What you return should be the exact lines from the one with "Account Statement Penyata" to the end of the records below, both included, and no pictures.

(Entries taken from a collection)
:::

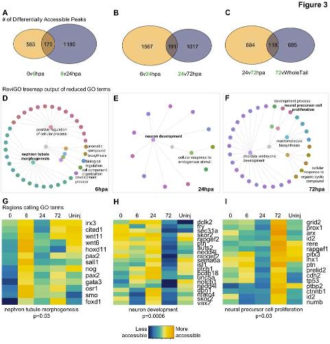 Figure 3. Differential accessibility analysis of pax6 libraries over regenerative time reveals chromatin accessibility prioritizes first tubule morphogenesis, followed by neural differentiation, and later proliferation. From left to right, data represents the 6hpa timepoint, 24hpa timepoint, and 72hpa timepoint. (A-C) Venn diagrams depicting number of unique and shared peaks called in each of the timepoint contrasts within the pax6 libraries. The intersect represents peaks that were both becoming accessible at a given timepoint, then losing accessibility. The green number in each contrast represents the timepoint that is more accessible. (D-F) All regions represented in (A-C) were used for GO:BP analysis with gProfileR2. ReviGO was then used to reduce redundancy in output GO terms and identify main families of terms. Tree graphs depict the hierarchy of reduced GO list. The central grey circle is the vertex of the graph representing the set of all GO terms included in the data, the second level of circles are the families of GO terms called by ReviGO, and the third level of circles represents GO terms in each family. Terms provided are the family names. (G-I) Heatmap of accessibility of regions that were used to call GO terms: âNephron Tubule Morphogenesisâ, âNeuron Differentiationâ, and âNeural Precursor Cell Proliferationâ. |
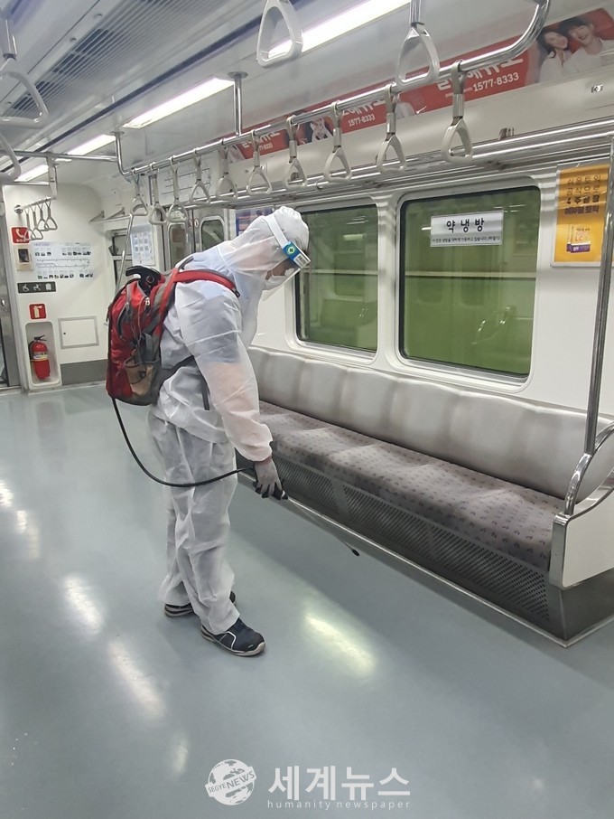 공사는 물리적 방제의 방법으로 운행하는 전동차의 54%에 해당하는 직물소재 의자에 대해 월 1회 대청소 때 100℃ 고온스팀진공청소를 시행하고, 병행하여 화학적 방제로 승객이 자주 접촉하는 의자·손잡이 등은 살균 소독, 객실 바닥은 잔류분무법으로 용량·용법 및 주의사항을 준수하여 ‘감염병예방법’에서 정한 기준(연 9회)보다 강화한 주기(평시 월 2회, 하절기 월 4회)로 시행하고 있다.
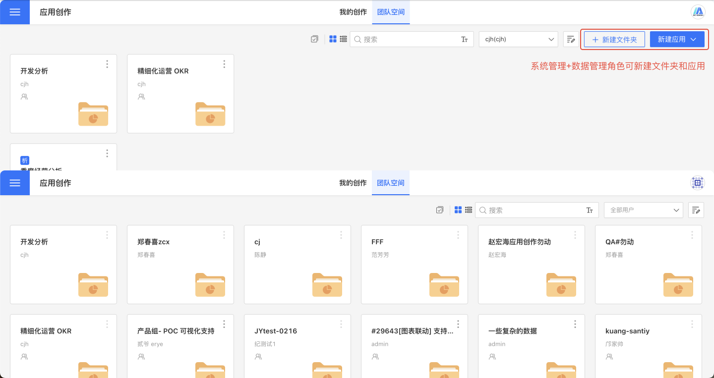 团队空间中管理员必须具有系统管理、数据管理和数据分析三个角色的用户。管理员在团队空间中新建文件夹或应用,并且通过对文件夹和应用设置权限让授权的用户使用应用及其数据。
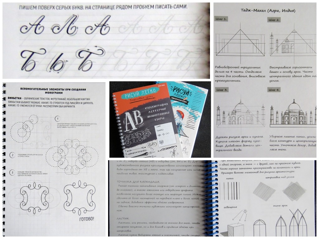 Заинтересовавшись зентанглом и освоив первый онлайн-курс, стала искать, есть ли что-нибудь в продаже, чтобы не нырять в сеть каждый раз. Конечно, есть у меня уже и свой справочный блокнотик, но всё-таки купила две своеобразные прописи из серии "Рисуй легко". Серия предлагает обучающие материалы, сгруппированные по самым разным темам. Это и анималистика, и ботаника, и простейшие рисунки для детей. Все они созданы по одному принципу: справочная информация + альбом для практической работы. Это синтез скетчбука с листами для свободного рисования и обучащих страниц, которые содержат схемы и пунктиры для обводки. Я купила такие обучащие скетчбуки по каллиграфии и леттерингу (перекликается с зентанглом) и по изображению архитектуры. Рассудила, что начальные сведения о перспективе и примеры изображения зданий различной конструкции лишними не будут. Твёрдый переплёт. Крепление листов на спирали. Бумага не слишком плотная и гладкая. То есть использовать , например, спиртовые маркеры или кр
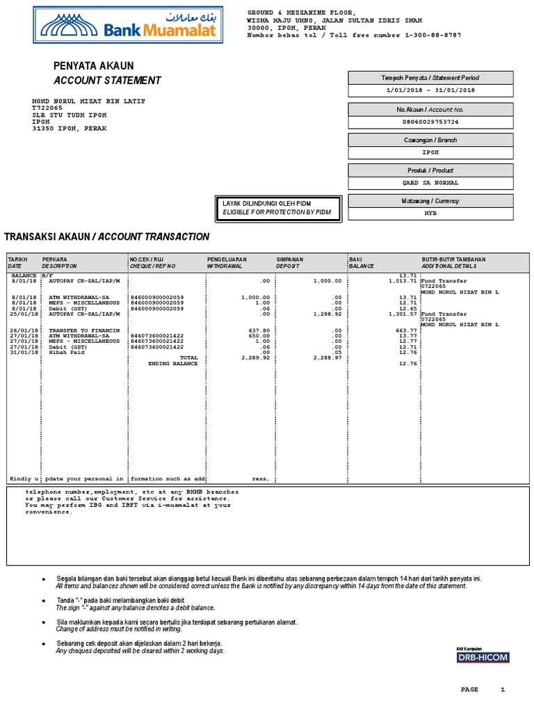 Account Statement Penyata Akaun Pdf Banking Technology Debit Card
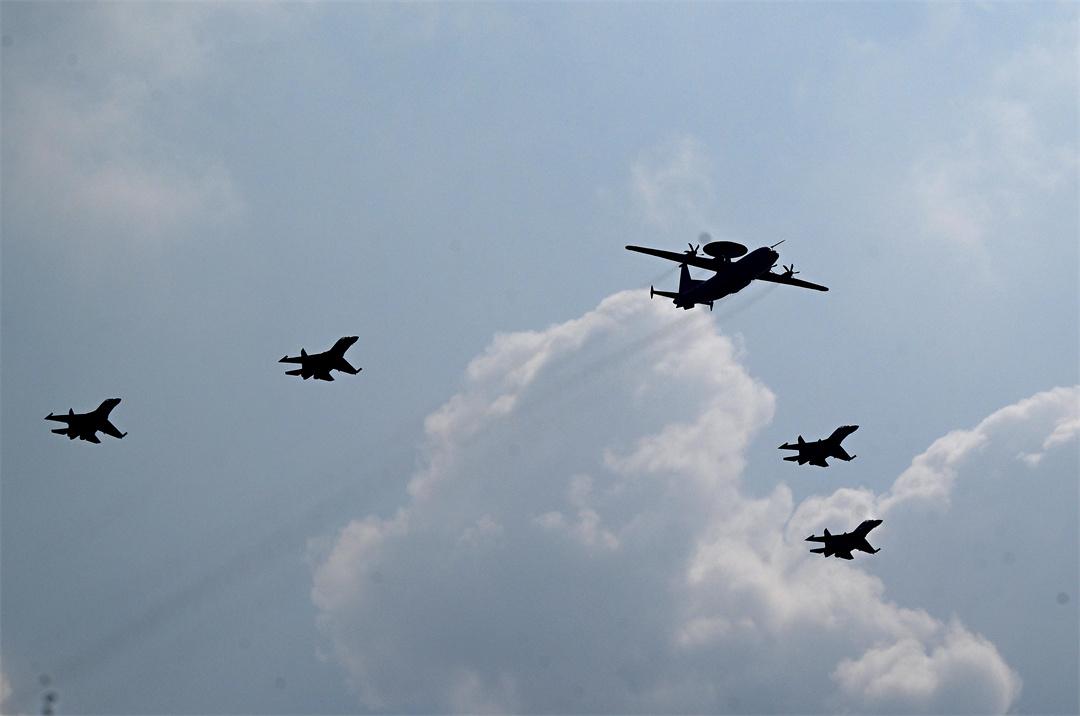 戰(zhàn)鷹呼嘯,首先飛過來的是預(yù)警指揮機(jī)梯隊(duì)??站?500A與殲-16戰(zhàn)機(jī)編隊(duì)、空警-600與殲-15T艦載機(jī)編隊(duì)依次接受檢閱。長空千里眼,云天中軍帳。隨著國產(chǎn)新型預(yù)警機(jī)研制列裝,我軍指揮控制、預(yù)警探測、協(xié)同打擊能力顯著提高。

:::

RESPONSE BELOW:
 Account Statement Penyata Akaun Pdf Banking Technology Debit Card
 戰(zhàn)鷹呼嘯,首先飛過來的是預(yù)警指揮機(jī)梯隊(duì)??站?500A與殲-16戰(zhàn)機(jī)編隊(duì)、空警-600與殲-15T艦載機(jī)編隊(duì)依次接受檢閱。長空千里眼,云天中軍帳。隨著國產(chǎn)新型預(yù)警機(jī)研制列裝,我軍指揮控制、預(yù)警探測、協(xié)同打擊能力顯著提高。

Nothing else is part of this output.